Ok, we need to ensure we're talking about the same thing. What is usually taken as consciousness in everyday parlance is something akin to self-awareness - knowledge that you exist. This is the kind of consciousness that I am talking about.

A new-born human baby is not conscious by this reckoning, but becomes so as it develops. The baby will make decisions, however.

Wasn't it Freud:) who said that a newborn is conscious, it just isn't aware of the distinction/boundary between itself and everything else. To a baby, it is the universe.

You're right that it needs to develop 'self' awareness, in that it must learn to differentiate between itself, and what surrounds it.

Maybe 'satori' etc, is a reawakening of that awareness that we possessed at the moment of birth.
 
No, it's not illusory. If you move your hand, you really did decide to move it; and your movement is flagged as yours, something stemming from your being..

Ever see someone scratch their nose, or brush at their face, in their sleep, maybe as a response to someone tickling or shaking them?
 
Of course, and I've seen people sleepwalk. The fact that we do some things unconsciously and automatically does not mean we do all things unconsciously and automatically.
 
But the fact that the being becomes aware of new information, thus necessitating a decision, isn't the same as the 'creation' of information. It's more the 'reception' of information.
I'm saying that to make a decision (not to respond mechanically) requires the creation of new information. It's almost tautological, really. If you can predict exactly what's going to happen, then there's no real decision involved -- it's just what's going to happen anyway.
 
It's a good question, though. How does it fit in with your ideas of a processing delay difference between voluntary and involuntary movements?
 
I'm saying that to make a decision (not to respond mechanically) requires the creation of new information. It's almost tautological, really. If you can predict exactly what's going to happen, then there's no real decision involved -- it's just what's going to happen anyway.

What about recall?
 
I'm saying that to make a decision (not to respond mechanically) requires the creation of new information. It's almost tautological, really. If you can predict exactly what's going to happen, then there's no real decision involved -- it's just what's going to happen anyway.

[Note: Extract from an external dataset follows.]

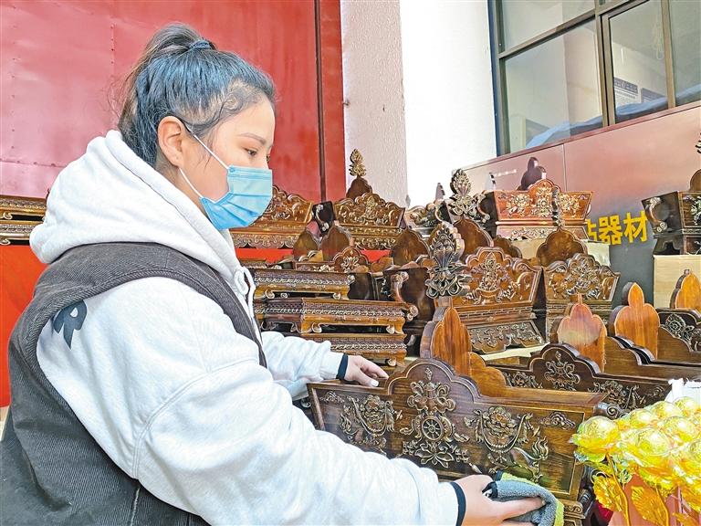 來自山南市貢嘎縣的拉吉帶著自家生產(chǎn)的“切瑪盒”第2次來到八廓商城年貨市場?!坝捎谑亲约疑a(chǎn),所以我們自主設計了一款線條稍微簡約的‘切瑪盒’;還有一款傳統(tǒng)線條與圖案的‘切瑪盒’。在顏色上,我們選擇了較為持重的深色,這樣的顏色大氣沉穩(wěn),許多市民非常喜歡,兩款售價都是380元。”拉吉介紹道。

It requires a mental process; I'm not sure if that is the same thing as creating information.

You are hungry. You see an apple. You decide to pick it up.

A process whereby your state of hunger is coordinated with the sight of the apple occurs, resulting in your action.

What information is created?
 
Is consciousness necessary to make a decision, though? I don't think it is – in fact even conscious beings, it appears, make their decisions subconsciously (or more accurately, pre-consciously).
No, I don't think it is. What I think is that the making of a decision (properly speaking) requires the creation of new information. And I suggest that whenever information is created, consciousness also happens. I'm not saying that the fleeting "I AM" is always integrated into an organised consciousness. It's reasonable to imagine that would take a complex structure to to integrate the phenomenisca with sense data.

If that is how things work, then although we may be free to make decisions, our decisions might always be unconscious -- just that when we become aware of them, we can recognise them as our own decision.
 
Johnny, do you accept that if it can be exactly predicted what's going to happen, then there's no real decision involved -- it's just what's going to happen anyway?